One of things Perseus is big on is page-based programming, where each separate view in your app is a completely separate page, since this lets you manage their states all independently. However, one of the thing that needs to happen for you to be able to work like this is routing: you need to be able to go from one page to another.

Under the hood, Perseus uses a slightly modified version of Sycamore's router, which means you can use typical Sycamore conventions for both imperative and declarative routing.

Declarative routing

Declarative routing is when you create an element that will cause routing when it's clicked, and then, when the user clicks it, the routing occurs. In HTML, you would do this by creating a simple anchor tag (<a>) with an href property equal to where you want to go, and this is...well, exactly what you do in Perseus too! The Sycamore router will automatically detect any links in your app and appropriate them from the browser, so that Perseus can use its special routing behavior to minimize page load times and improve performance (since we know more about the structure of the app than the browser). A link looks like this:

a(href = "about") { "Click me to go to the about page!" }

Remember though, Perseus sets a <base /> tag that tells the browser to treat all routes as relative to the root of your site. So, if you're at /my/test/page, routing to foo will go to /foo, not /my/test/foo! This is an important difference between Perseus and a lot of other frameworks. (The reason it's like this is to make it much easier to deploy Perseus under a relative path, like framesurge.sh/perseus.)

Imperative routing

Sometimes, you'll need to write some code that causes a route change, which you can do with the navigate function, which is re-exported from the sycamore-router package for convenience. You provide this function with a route, and it will take you there! If you want to replace the current page in the navigation history, which you can understand by imagining the browser history as a stack of plates that you add things to (navigate adds a new plate, replacement navigation replaces the previous plate, meaning the user can't press the back button to go back to it), you can use navigate_replace.
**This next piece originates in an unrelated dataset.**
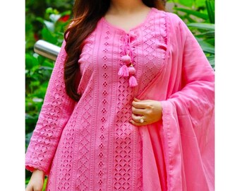 Beautiful Cotton Heavy Chicken Sequence Work Kurti With Pant Etsy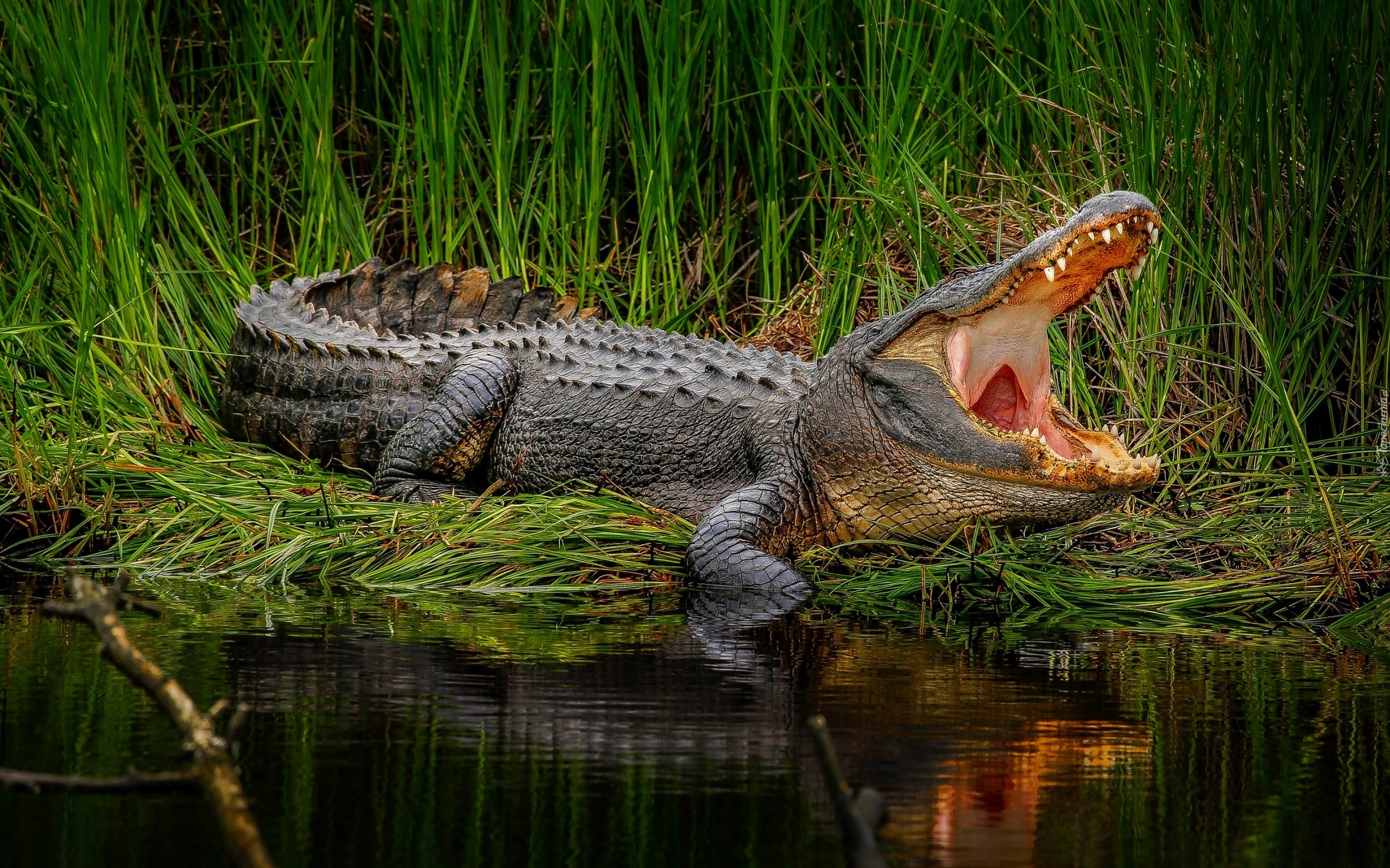 Edytor tapety: Krokodyl, Paszcza, Woda, Szuwary

Generally, you won't have a need for this though, as it's really only used in hard redirects and locale redirection (which is handled automatically by Perseus).

Localized routing

If you're using internationalization, there are a few quirks of routing you should be aware of, which are covered in greater detail on this page. As a summary, put all your links (in hrefs, in navigate() calls, etc.) in the link! macro, which will prepend the current locale to make sure the user ends up in the right place.